Family of circles passing through two given points

Solution 1:

Given two points $A = (x_1, y_1)$ and $B = (x_2, y_2)$, we want to find a circle for which $AB$ is a chord, not necessarily a diameter. Choose $C = (x, y)$ on this circle. Because the inscribed angle $\angle ACB$ is independent of the choice of $C$ (it depends only on the subtended arc), we get an equation $$\frac{CA \cdot CB}{|CA||CB|} = k$$ for some constant $k$.

(When $AB$ is a diameter, $\angle ACB$ is a right angle.
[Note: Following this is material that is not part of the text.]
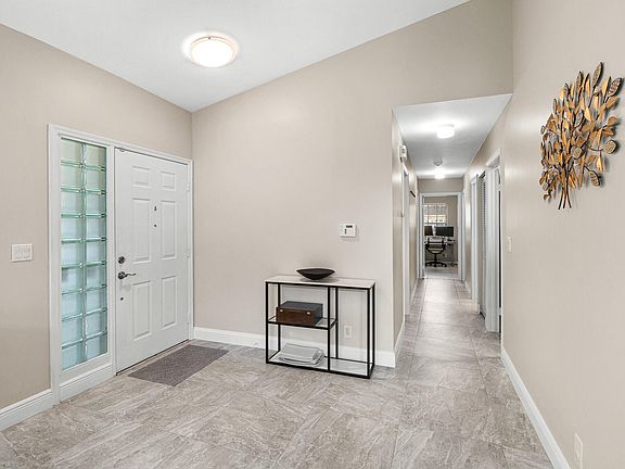 Welcome to your serene oasis by the lake, where timeless elegance meets modern comfort. This meticulously updated 4-bedroom, 2.5-bath home offers the perfect blend of space and style, thoughtfully designed split floor plan. Home has a modern design, featuring an updated kitchen complete with Quartz countertops, fine wood cabinets, ss appliances. Porcelain tile floors lend a touch of sophistication to the living spaces, creating an inviting atmosphere. Master Bedroom features new porcelain floors, walk in closet. This home has been thoughtfully maintained with a newer AC unit (2016), water heater(2022).Furniture is optional. Nestled in a gated community, with a community Pool. Boca Pointe is none mandatory membership, with option to join the Social, Golf, Tennis. Call for info and showings The HOA maintenance fee covers a comprehensive range of services, from community pool access to upgraded cable, exterior painting, pressure cleaning, lawn service, fertilization, pest control, and tree trimming, simplifying your day-to-day living.

Then $k= 0$ and you get the diametric equation for a circle.)

In any case, we get $$(x_1 - x)(x_2 - x) + (y_1 - y)(y_2 - y) = k|CA||CB|.$$

Here's where my argument gets somewhat inelegant, but I think it still works:

Note that $\frac12|CA||CB|\sin(\angle ACB)$ is the area of $\Delta ABC$. Moreover, the determinant in the equation is the volume of a tetrahedron with base $\Delta ABC$ and height $1$, i.e. $1/3$ of the area of $\Delta ABC$. Since $\sin(\angle ACB)$ is a constant depending only on the circle, you can now solve for the $\lambda$ to get the third parameter.